Top of Records to process

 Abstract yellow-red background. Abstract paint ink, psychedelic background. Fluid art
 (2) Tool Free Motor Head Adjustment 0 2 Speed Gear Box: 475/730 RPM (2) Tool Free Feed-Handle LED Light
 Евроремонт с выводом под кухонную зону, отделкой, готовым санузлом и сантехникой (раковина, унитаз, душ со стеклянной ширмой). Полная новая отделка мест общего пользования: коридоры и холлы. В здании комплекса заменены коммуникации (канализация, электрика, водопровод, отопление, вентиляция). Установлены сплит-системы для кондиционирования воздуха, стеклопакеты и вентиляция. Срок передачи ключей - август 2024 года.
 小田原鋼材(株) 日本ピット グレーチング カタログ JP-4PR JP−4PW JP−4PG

Bottom of Records to process
Top of Records to process

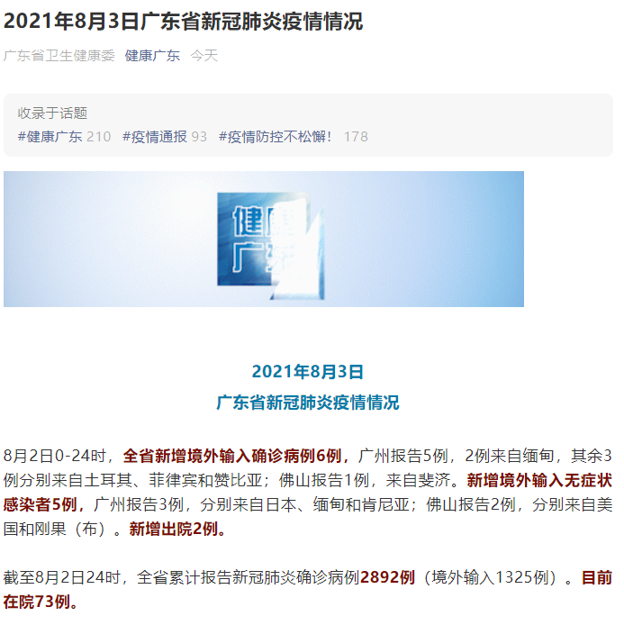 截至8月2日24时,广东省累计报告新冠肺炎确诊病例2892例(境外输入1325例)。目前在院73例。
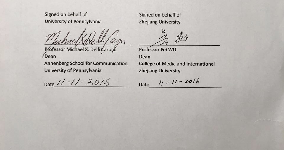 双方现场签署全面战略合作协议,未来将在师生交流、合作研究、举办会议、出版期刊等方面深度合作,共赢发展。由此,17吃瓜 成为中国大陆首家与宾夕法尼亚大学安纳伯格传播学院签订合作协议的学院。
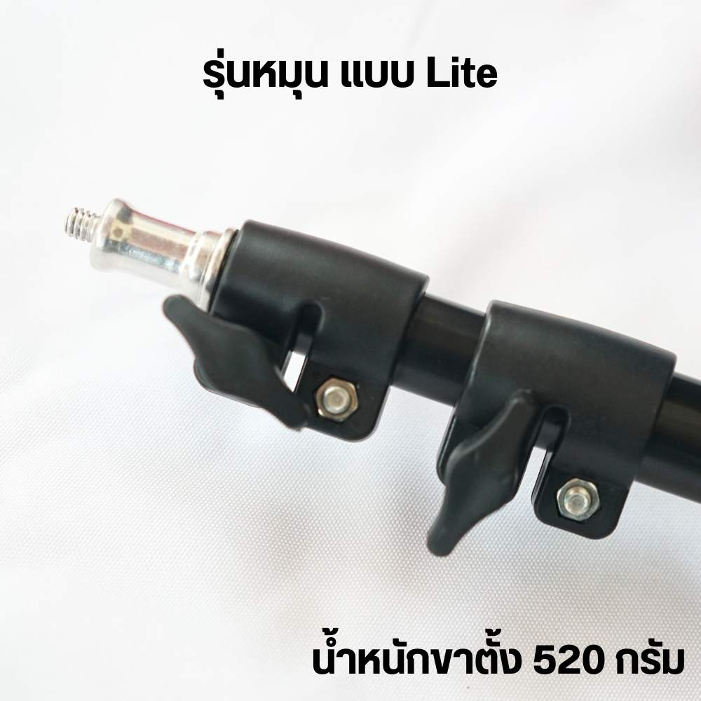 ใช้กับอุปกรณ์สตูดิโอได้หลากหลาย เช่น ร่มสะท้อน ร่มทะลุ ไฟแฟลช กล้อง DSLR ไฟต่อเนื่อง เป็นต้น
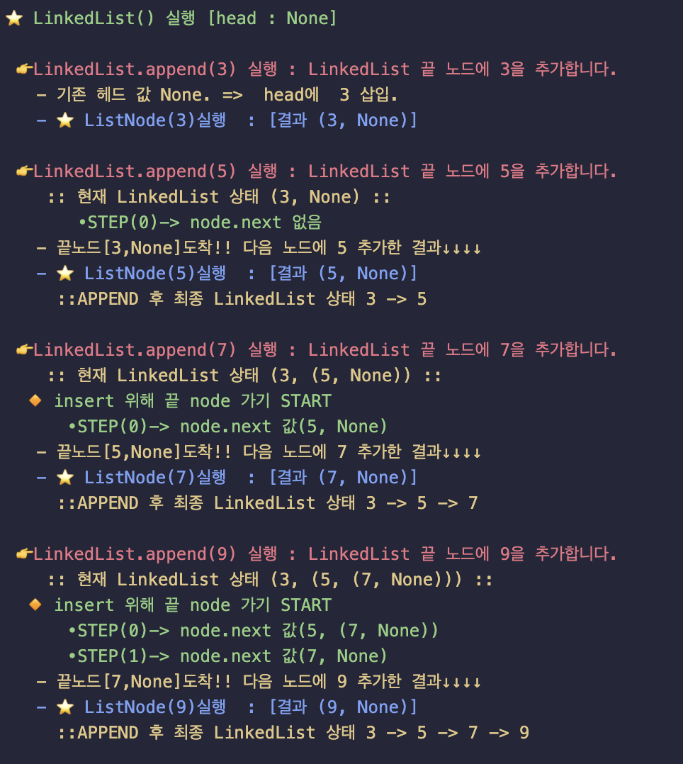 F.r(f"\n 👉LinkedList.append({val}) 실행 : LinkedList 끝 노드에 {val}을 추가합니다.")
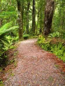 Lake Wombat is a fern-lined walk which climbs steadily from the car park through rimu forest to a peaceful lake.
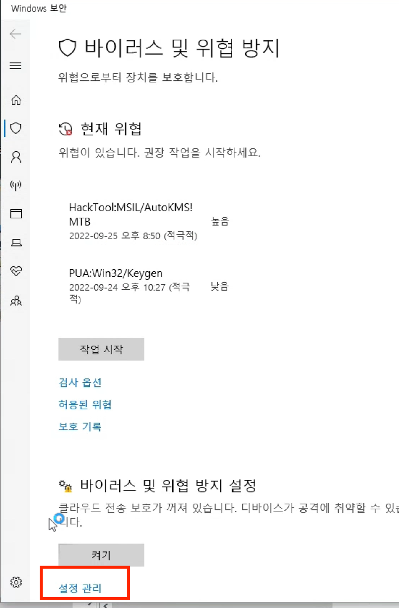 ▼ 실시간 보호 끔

Bottom of Records to process
Top of Records to process

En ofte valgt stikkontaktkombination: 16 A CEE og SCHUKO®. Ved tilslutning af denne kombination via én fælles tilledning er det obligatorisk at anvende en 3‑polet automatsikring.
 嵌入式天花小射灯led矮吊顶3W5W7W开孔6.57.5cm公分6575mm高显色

Bottom of Records to process

**Work item:**
Set down, unchanged, only those lines above that fall between the line with "Abstract yellow-red background." and the line with "(2) Tool Free Motor", the two end lines included.

**Written answer:**
 Abstract yellow-red background. Abstract paint ink, psychedelic background. Fluid art
 (2) Tool Free Motor Head Adjustment 0 2 Speed Gear Box: 475/730 RPM (2) Tool Free Feed-Handle LED Light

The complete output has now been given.